» Instructions to follow: Retype the records below from their first line through the line holding "La Fiscalía General", including both ends and no pictures.

» Records shown:
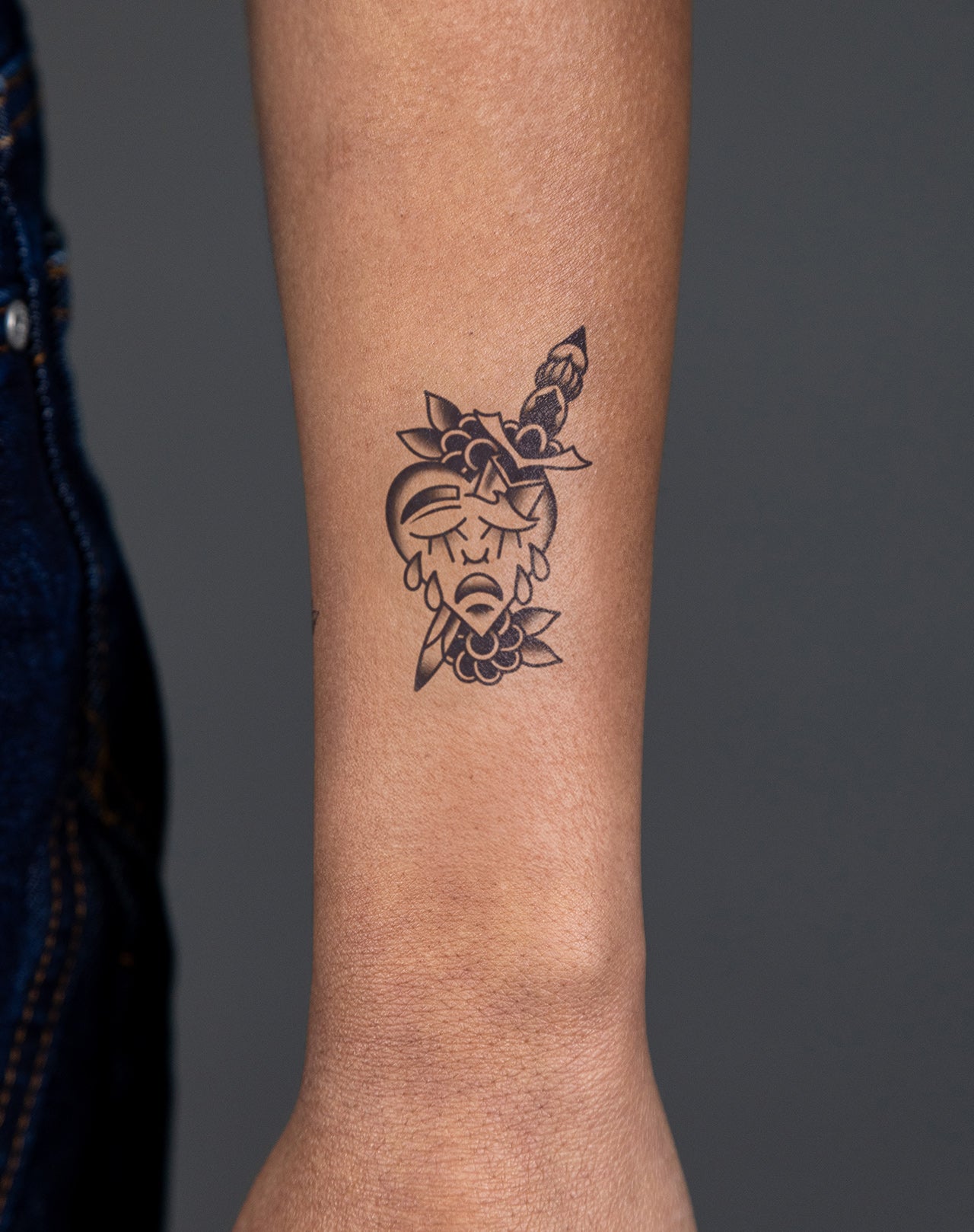 Heart's Last Cry is a bold 2x3 inch design that distills heartbreak into powerful simplicity. A cracked heart leaks a single teardrop, framed in thick black lines that emphasize finality and emotional depth. Created by @pottertatts, this EZINK temporary tattoo lasts 1–2 weeks, perfect for those who wear their truth, grieve with grace, and rise from the ache.
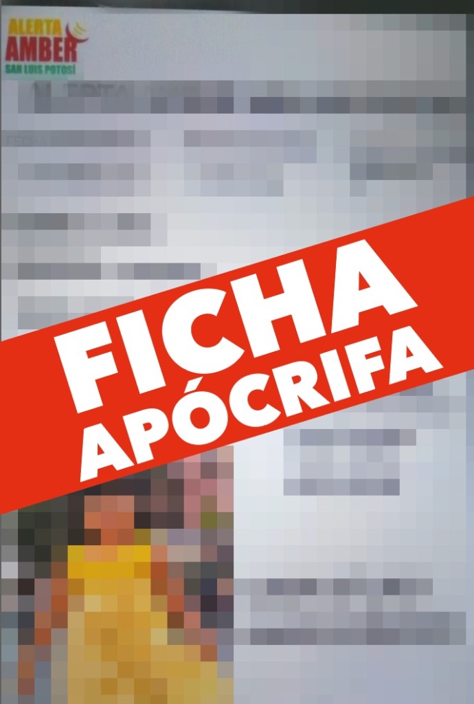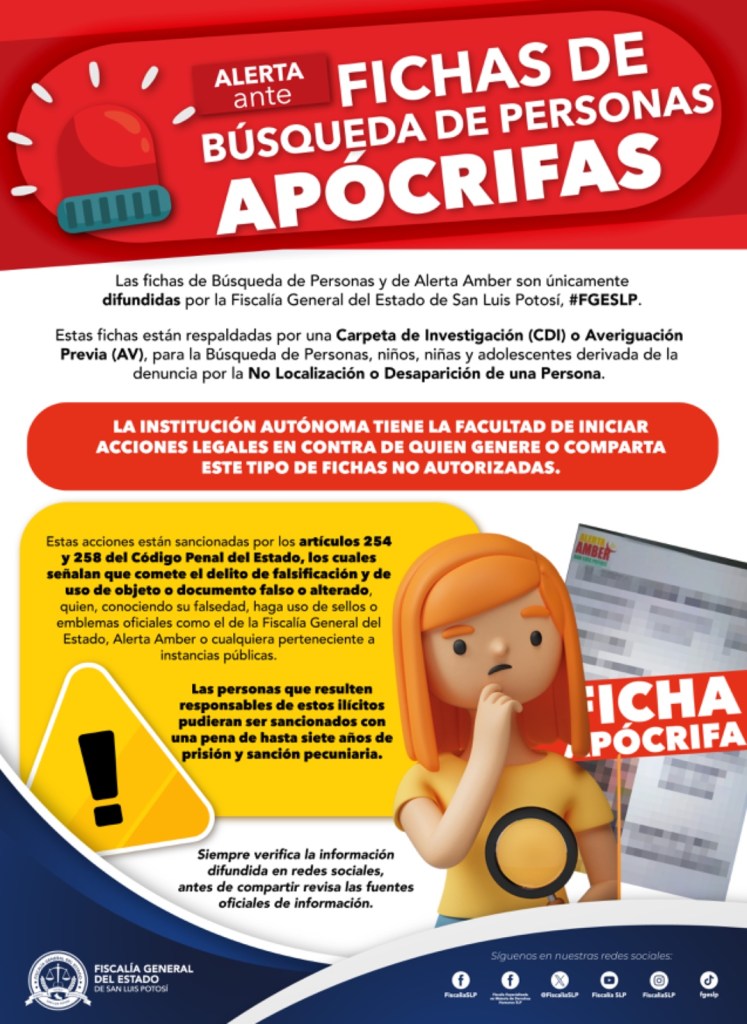 La Fiscalía General del Estado de San Luis Potosí (FGESLP) alerta a la ciudadanía sobre la circulación de una ficha de Alerta Amber falsa, además exhorta a no realizar o difundir este tipo de Fichas de Búsqueda de Personas apócrifas ya que constituye un delito.
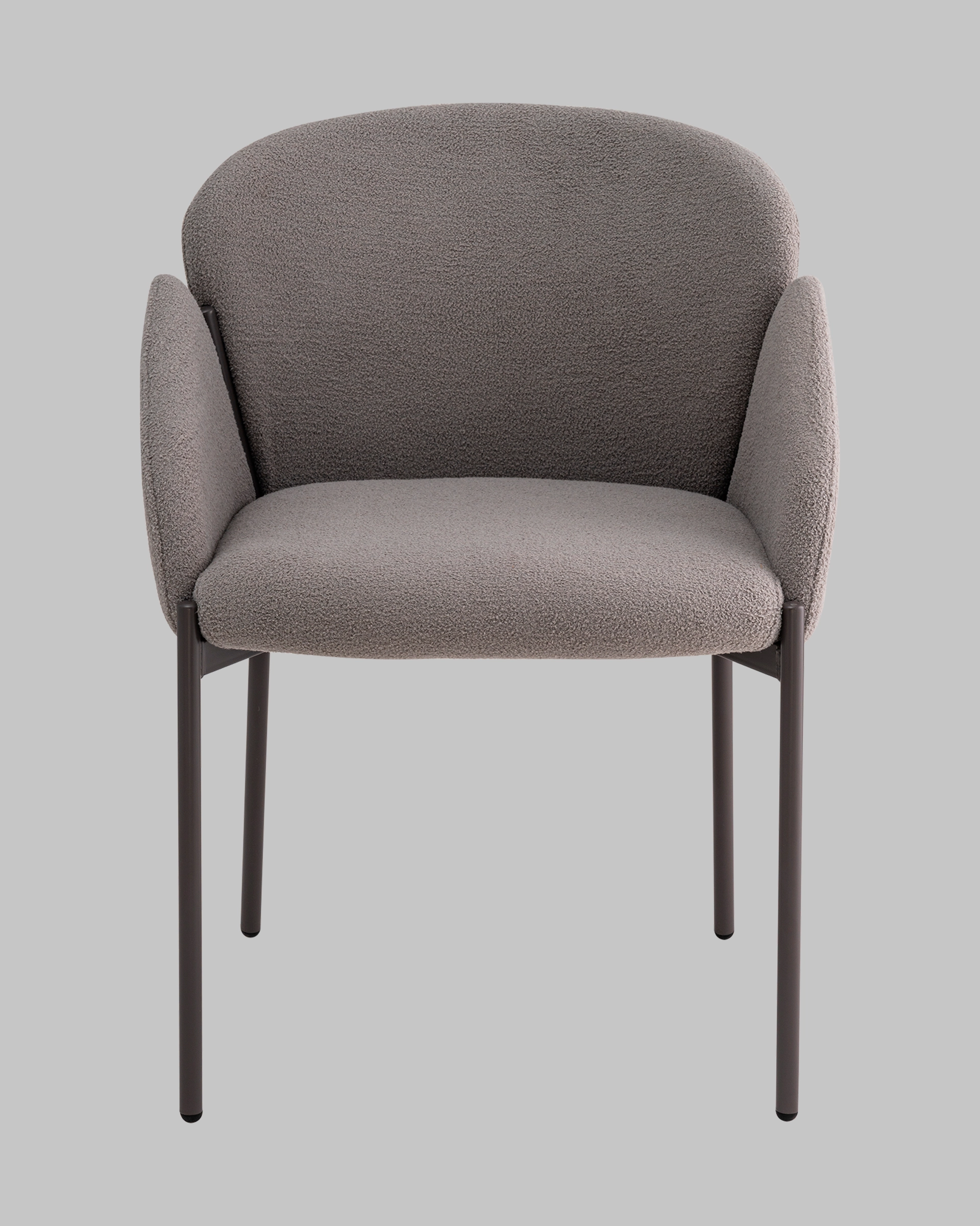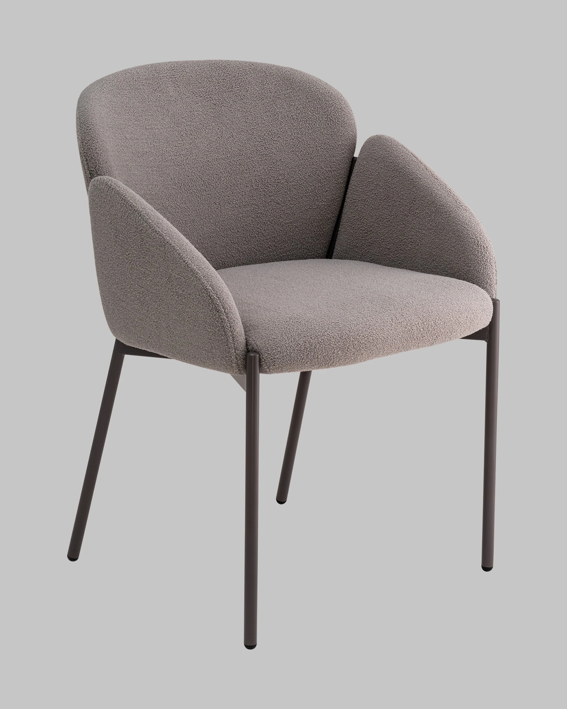 Габариты стула составляют 77 см в высоту, 60 см в ширину и 57 см в глубину. Ширина сиденья — 48 см, а глубина — 44 см, что обеспечивает удобную посадку. Высота сиденья составляет 47,5 см, что делает его подходящим для стандартных столов. Обивка из ткани букле в светло-коричневом цвете придаёт изделию стильный вид и приятна на ощупь.
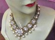 Halskette Modeschmuck 1950erModeschmuck: Sehr aufwendig gearbeitete breite Modeschmuck-Halskette aus den 1950er Jahren mit falschen und anderen Perlen sowie dunkelblauen Blümchen...
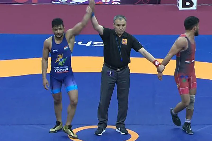 Gyanender, however, lost 0-6 in the 60kg Greco-Roman bronze medal bout on Wednesday. The gold was won by Kenichiro Fumita of Japan, who beat Kyrgyzstan's Zholaman Sharshenkov 4-0.
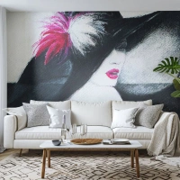 Fototapeta Premium Canvas - Stylowa kobieta w kapeluszu z piórami - 100x70cm - Zawsze tajemnica - Nowoczesna dekoracja ścienna do salonu i sypialni ARTTOR

» Answer:
 Heart's Last Cry is a bold 2x3 inch design that distills heartbreak into powerful simplicity. A cracked heart leaks a single teardrop, framed in thick black lines that emphasize finality and emotional depth. Created by @pottertatts, this EZINK temporary tattoo lasts 1–2 weeks, perfect for those who wear their truth, grieve with grace, and rise from the ache.
 La Fiscalía General del Estado de San Luis Potosí (FGESLP) alerta a la ciudadanía sobre la circulación de una ficha de Alerta Amber falsa, además exhorta a no realizar o difundir este tipo de Fichas de Búsqueda de Personas apócrifas ya que constituye un delito.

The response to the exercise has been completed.